**Given material**
▼

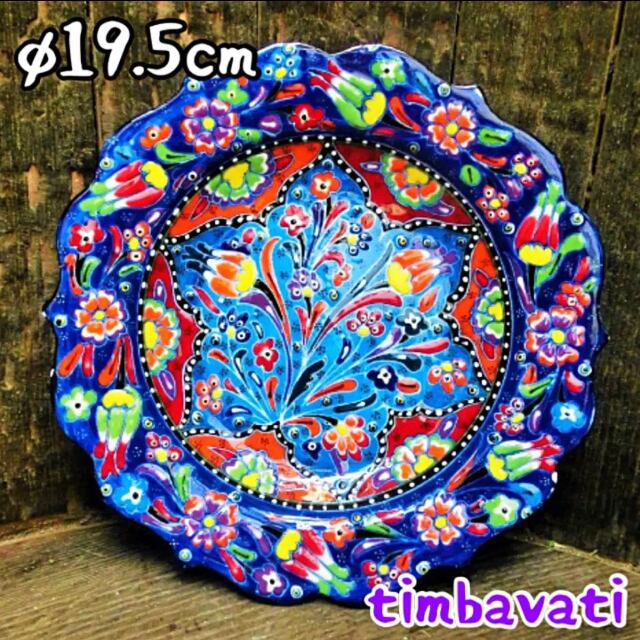 19.5cm【トルコ陶器】手描き 中皿 壁掛け *ブルー*キュタフヤ陶器
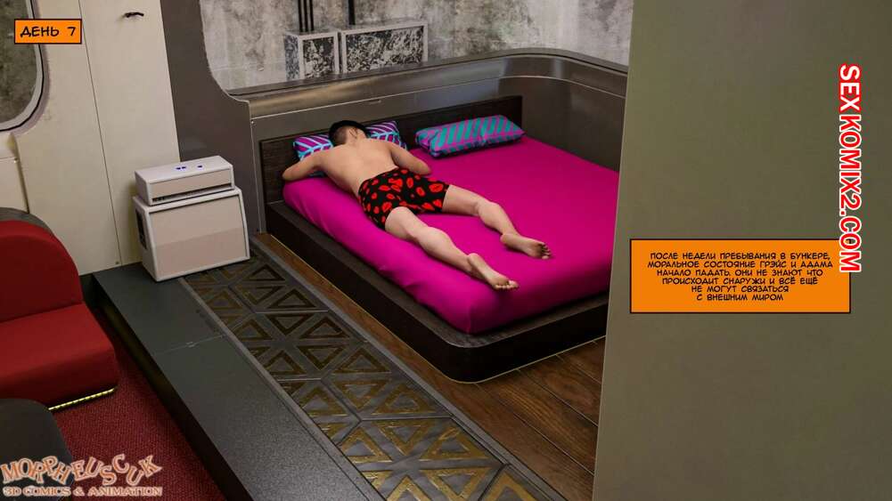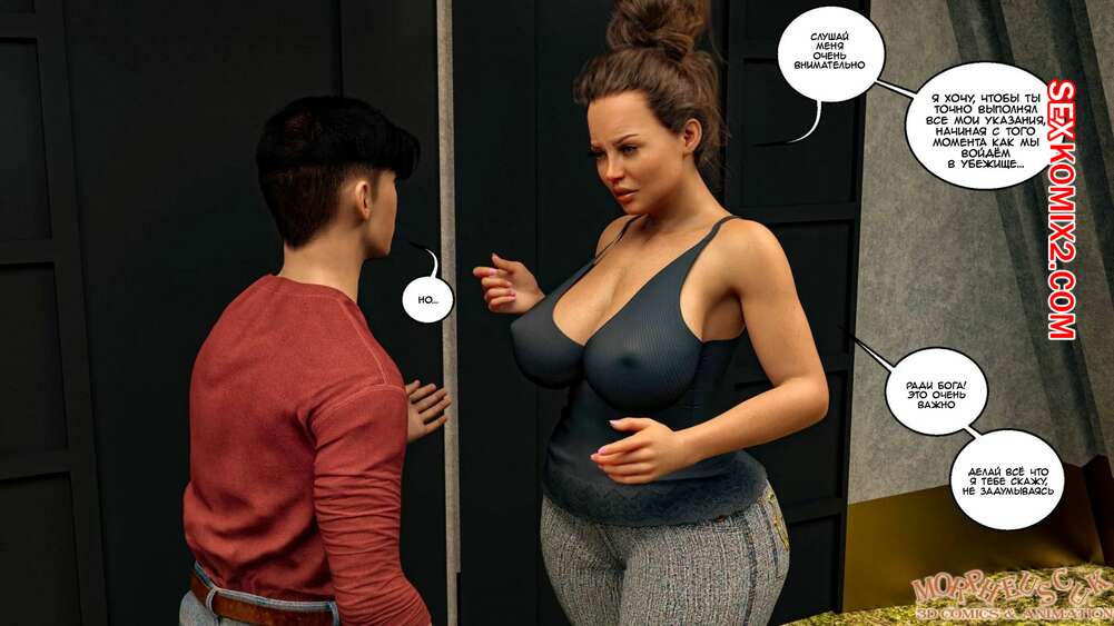 Порно комикс Убежище. Часть 1. Shelter. Morpheuscuk. Молодой парень с горячей милфой оказались в убежище, где они остались почти без одежды. Красотка заметила возбуждение парня и не смогла устоять перед соблазном потрахаться с ним.
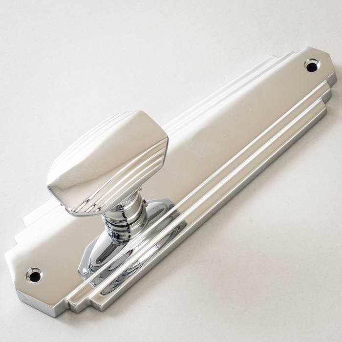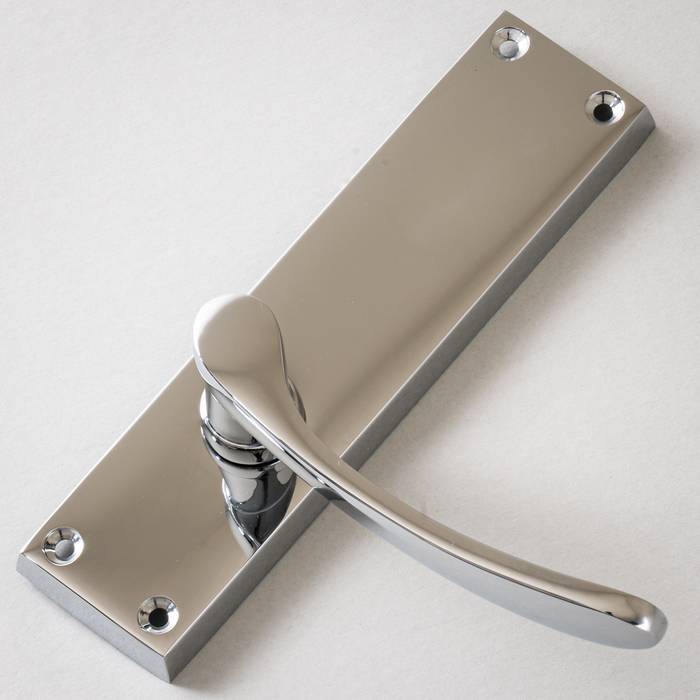 These Polished Chrome Door Handles On Backplate are available in a wide range of styles. From vintage Art Deco to sleek minimalist designs, we have a handle for every home. Choose from latch, lock, Euro and bathroom versions suitable for internal and external doors.
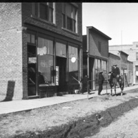 Panoramic view of Main Ave, looking northwest. A man on a horse speaks with two men standing on the wooden boardwalk and several people cross the street in the background. Visible businesses and buildings include: The Hub; Dr F. W. Pike, Physician and Surgeon; Star Restaurant; Sweeley and Sweeley; Idaho Department Store; Bedford Drug; Boyd buidling; Hotel Perrine; Eldrige's Clothing Store; Pioneer Storage and Commission Co.

▲

From the very first line of the listing above through the line that holds "Порно комикс Убежище.", write out each line exactly as it stands, leaving pictures out.

**Response to the task**
 19.5cm【トルコ陶器】手描き 中皿 壁掛け *ブルー*キュタフヤ陶器
 Порно комикс Убежище. Часть 1. Shelter. Morpheuscuk. Молодой парень с горячей милфой оказались в убежище, где они остались почти без одежды. Красотка заметила возбуждение парня и не смогла устоять перед соблазном потрахаться с ним.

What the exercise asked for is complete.